The German Embassy in Phnom Penh and the audiovisual center Meta House will jointly present a week-long film festival starting Monday, German Ambassador Frank Mann announced yesterday.
“A Week of German Film” will headline a flurry of events in Phnom Penh being held to mark the anniversary of several key dates in German history, including the ratification of the German Constitution in 1949 and the reunification of the country in 1990. Also next week, the embassy is sponsoring a celebration in honor of the German Constitution and an exhibition at Art Cafe on Street 108 about the 1989 fall of the Berlin Wall.
“We take these anniversaries as a reason to reach out to the Cambodian public and invite them to celebrate together with us,” Mr Mann said at a news conference.
The film festival’s selections, which were curated by the Goethe-Institut, an international cultural organization funded by the German government, are intended to highlight a wide variety of cinema from the past 60 years of German history. They range from “The Trace of Stones,” a classic East German satire that was made in 1966 but banned until 1989, to “Toyland,” a 14-minute short from 2007 that deals with family life in the face of Nazism. The festival will also feature “The Lives of Others,” Florian
Henckel von Donnersmarck’s bleak, meditative debut film about a Stasi agent in 1980s East Berlin, which won the 2007 Academy Award for best foreign film.
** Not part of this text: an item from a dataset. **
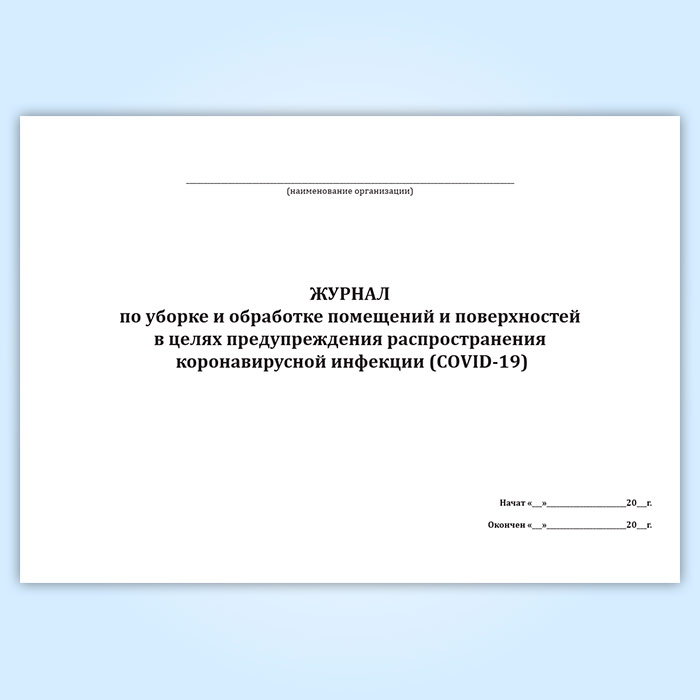Журнал по уборке и обработке помещений и поверхностей в целях предупреждения распространения коронавирусной инфекции (COVID-19) в Обнинске купить

“We hope these films provide a better understanding of Germany, German developments and recent German history to all those who come to see the films,” Mr Mann said. “But they are meant to be entertaining as well as educational.”
Meta House director Nico Mesterharm said the festival’s organizers hired a local company to dub three of the films into Khmer in order to better reach Cambodian audiences.
“So we hope we will find enough people who have an interest in German films in the Khmer language,” he said.
Admission to “A Week of German Film” is free.